When the CPU has a data cache, a dangerous situation arises: the CPU may hold a cached copy of Chip RAM data that has been modified by DMA hardware (Blitter, disk DMA), or the CPU may modify cached Chip RAM data that DMA hardware expects to read. This is the cache coherency problem — the cache and main memory disagree about the current state of data.

Per-CPU Cache Characteristics

CPU	Data Cache	Write Policy	Bus Snooping	Coherency Strategy
68000	None	N/A	N/A	No problem — all accesses go to RAM
68020	256-byte instruction cache	N/A	N/A	No data cache — no coherency issue
68030	256-byte data + 256-byte inst.	Write-through	None	Software must invalidate after DMA writes
68040	4 KB data + 4 KB inst.	Copyback	Optional (often not wired)	Software must flush before DMA reads, invalidate after DMA writes
68060	8 KB data + 8 KB inst.	Copyback + store buffer	Optional (rarely wired)	Same as 68040, plus store buffer drain

The Problem in Practice

Scenario: CPU writes a new Copper list to Chip RAM, then triggers Copper restart

CPU cache (copyback):     Contains modified Copper list data
Chip RAM (main memory):   Contains STALE Copper list data
Copper DMA reads from:    Chip RAM (not the CPU cache!)

Result: Copper executes the OLD list → display corruption

The AmigaOS Solution: CachePreDMA / CachePostDMA

AmigaOS provides two exec functions for DMA-safe memory access:

/* Before DMA device reads from memory (Blitter source, display, audio) */
CachePreDMA(address, &length, DMA_ReadFromRAM);
/* → Flushes CPU data cache for the specified range
      so DMA reads the latest data from RAM */

/* After DMA device writes to memory (Blitter dest, disk read) */
CachePostDMA(address, &length, DMA_ReadFromRAM);
/* → Invalidates CPU data cache for the specified range
      so CPU reads the updated data from RAM, not stale cache */

When to Flush vs. Invalidate

Scenario	Action	Function	Why
Before Blitter reads source	Flush (push dirty cache lines to RAM)	CachePreDMA()	Blitter must see latest CPU-written data
Before audio DMA plays sample	Flush	CachePreDMA()	Paula must read correct sample data
Before Copper executes list	Flush	CachePreDMA()	Copper reads from RAM, not cache
After Blitter writes destination	Invalidate (discard cached copies)	CachePostDMA()	CPU must see Blitter's output, not stale cache
After disk DMA loads data	Invalidate	CachePostDMA()	CPU must see disk data, not old cache content
After network DMA receives packet	Invalidate	CachePostDMA()	CPU must see received data

The Nuclear Option: CacheClearU / CacheClearE

For simpler cases (or legacy code), exec provides brute-force cache management:

CacheClearU();                           /* Flush + invalidate ALL caches */
CacheClearE(address, length, CACRF_ClearD | CACRF_ClearI);  /* Flush + invalidate specific range */

CacheClearU() is expensive — it flushes the entire data cache, losing all cached Fast RAM data. Use CacheClearE() with a specific range when possible.

Warning

Games that "take over the system" must still manage caches if they run on 68040/060. A common pattern is to disable the data cache entirely (CacheControl(0, CACRF_EnableD)) or set all Chip RAM as cache-inhibited via the MMU. Both approaches sacrifice performance but guarantee coherency.

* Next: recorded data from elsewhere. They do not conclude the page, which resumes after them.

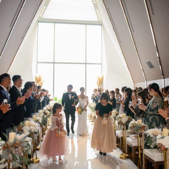 最初は結婚式の主役って緊張するし恥ずかしいし、嫌だなと正直思っていたのですが実際に結婚式を挙げてみると当日はあっという間に始まり、あっという間に結びました。挙式入場時はとても緊張していたけど来てくれたゲストの方々の祝ってくれる顔や、泣いている両親の顔を見ていると段々と緊張もほぐれて、ずっとこの時間が続いて欲しいとすら思っていました。当たり前なのですが、中学や高校での自分の友達が参加してくれて会えた事が嬉しかったです。結婚式を挙げてよかったと心の底から思っています。
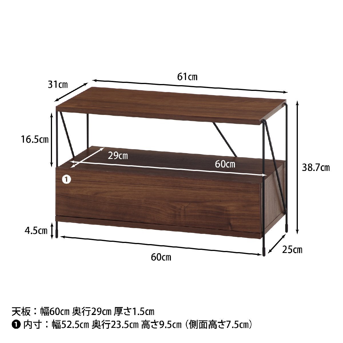 | サイズ | 全体:幅610 × 奥行310 × 高さ387mm 耐荷重(棚板1枚):10kg 棚板厚:15mm 引出内寸:520x235x95mm ※詳細はサイズ画像をご確認ください。 |
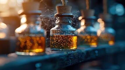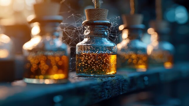 Enchanting luminous bottles filled with magical flora in a mystical setting
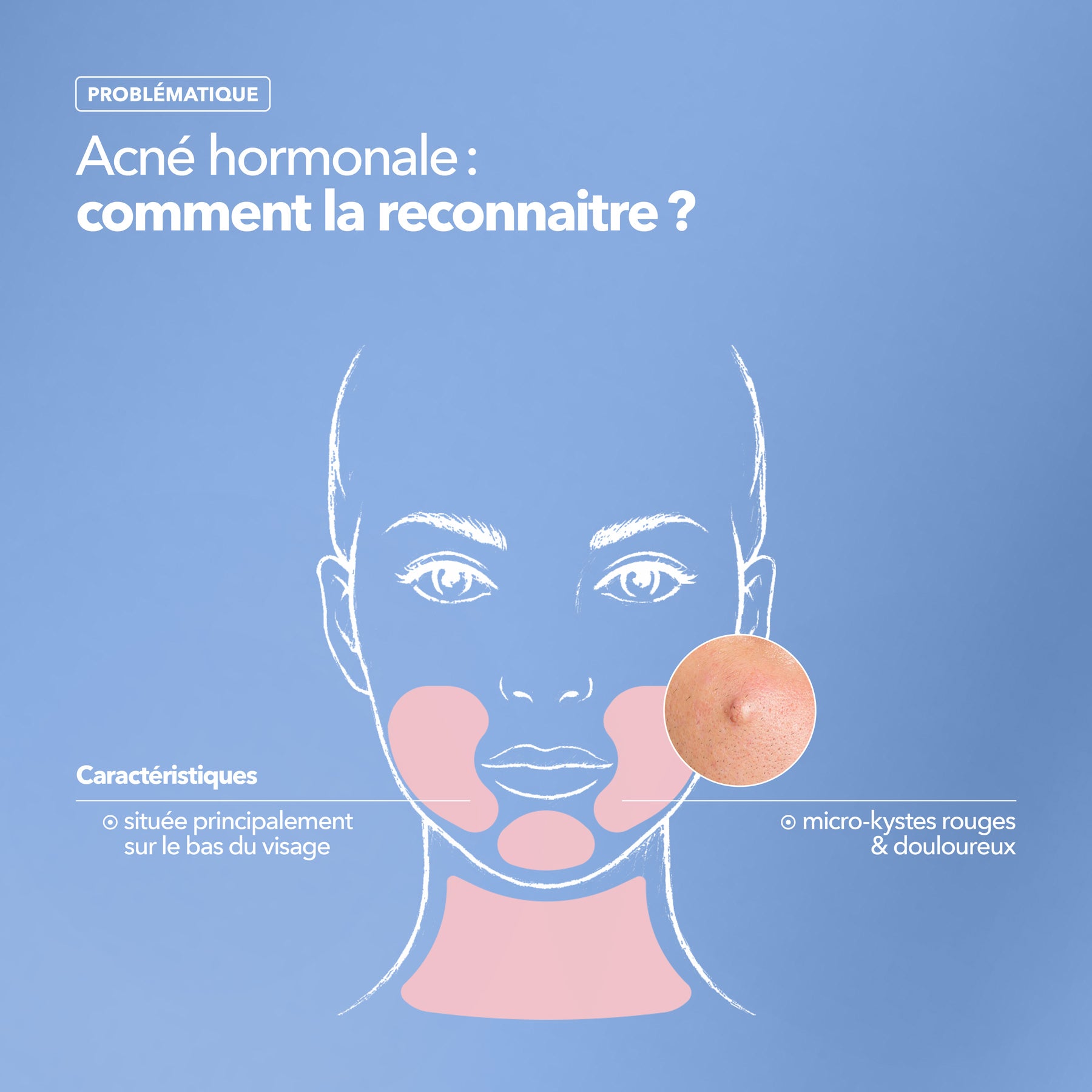 L'acné peut parfois mener la vie dure et ne se limite pas aux années adolescentes. Directement liée à un déséquilibre du microbiome cutané, elle nécessite un soin particulier. Boutons, micro kystes, points noirs... Voici quelques conseils avisés pour retrouver l'éclat d'une peau nette et saine !

Hardware Registers and Caching

Custom chip registers at $DFF000 and CIA registers at $BFx000 must never be cached. On 68040/060, these address ranges are mapped as cache-inhibited, serialized (CI/S) in the MMU translation tables. This ensures:

• Every read goes to the hardware register, not a cached copy
• Every write is immediately driven to the bus
• Access order is strictly maintained (no write buffer reordering)

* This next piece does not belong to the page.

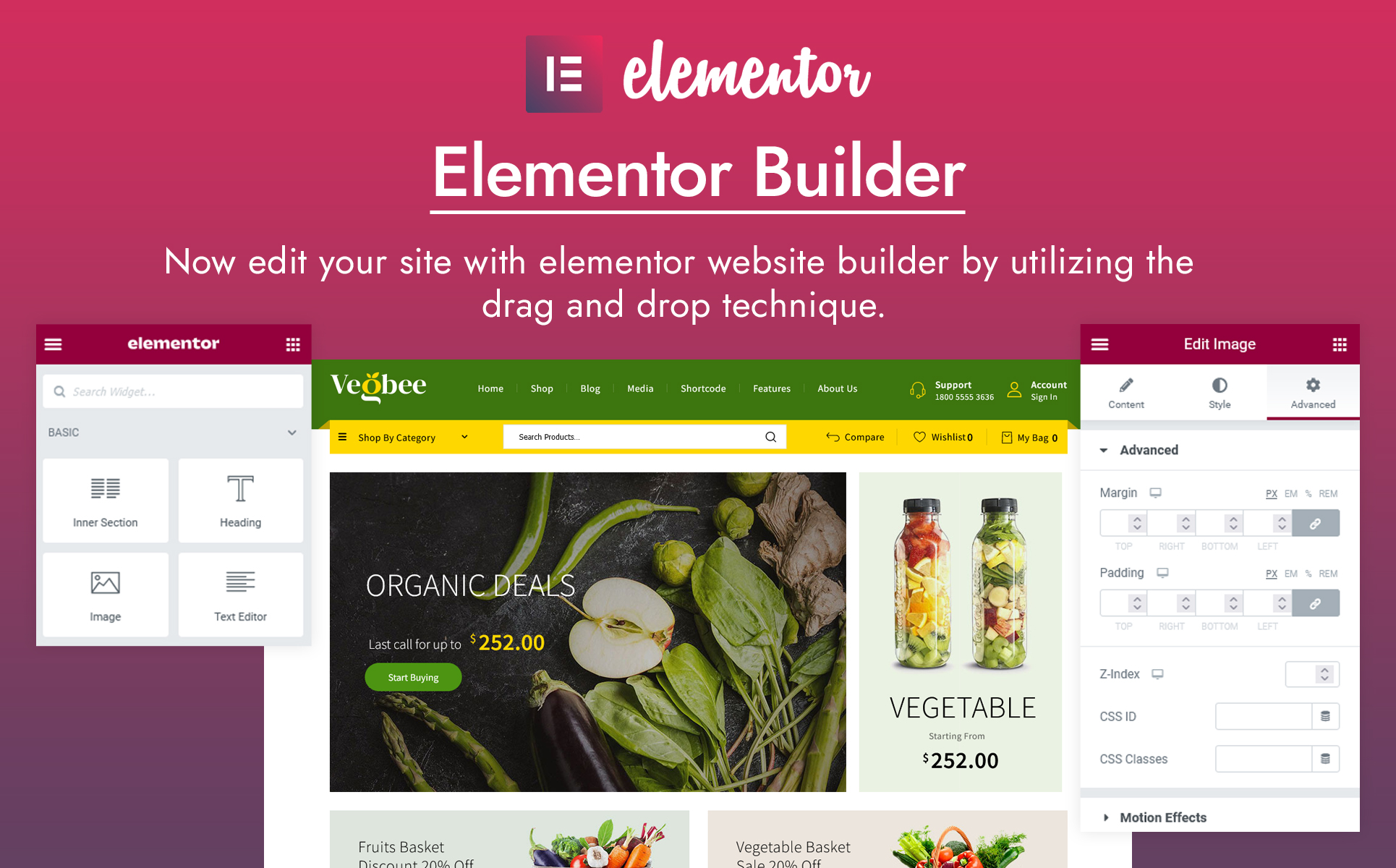 Powered by Elementor, the leading drag-and-drop page builder, Vegbee allows you to customize your store with ease. You can build and modify pages in real-time, seeing changes instantly — no coding required! From homepage layouts to product pages and blog sections, everything is fully editable to match your brand’s style.

The Kickstart ROM's MMU setup handles this automatically. Custom MMU tables must preserve these mappings.

---

§8 — Cross-Domain Transfer Techniques

The most performance-critical operation on an accelerated Amiga is moving data between Fast RAM (where the CPU works efficiently) and Chip RAM (where DMA hardware needs it). Every screen update, every audio buffer fill, and every Blitter setup involves this cross-domain transfer.

The Fundamental Constraint

The Chip RAM bus runs at ~7 MHz with a 16-bit data path. No software technique can exceed the bus's raw throughput ceiling:

Maximum Chip RAM bandwidth:
  16 bits × 7.09 MHz = ~14.2 MB/s (theoretical, all slots to one master)
  CPU share (typical):  ~3.5 MB/s (half the slots, rest to DMA)
  CPU share (heavy display): ~0.5–1 MB/s (most slots consumed by DMA)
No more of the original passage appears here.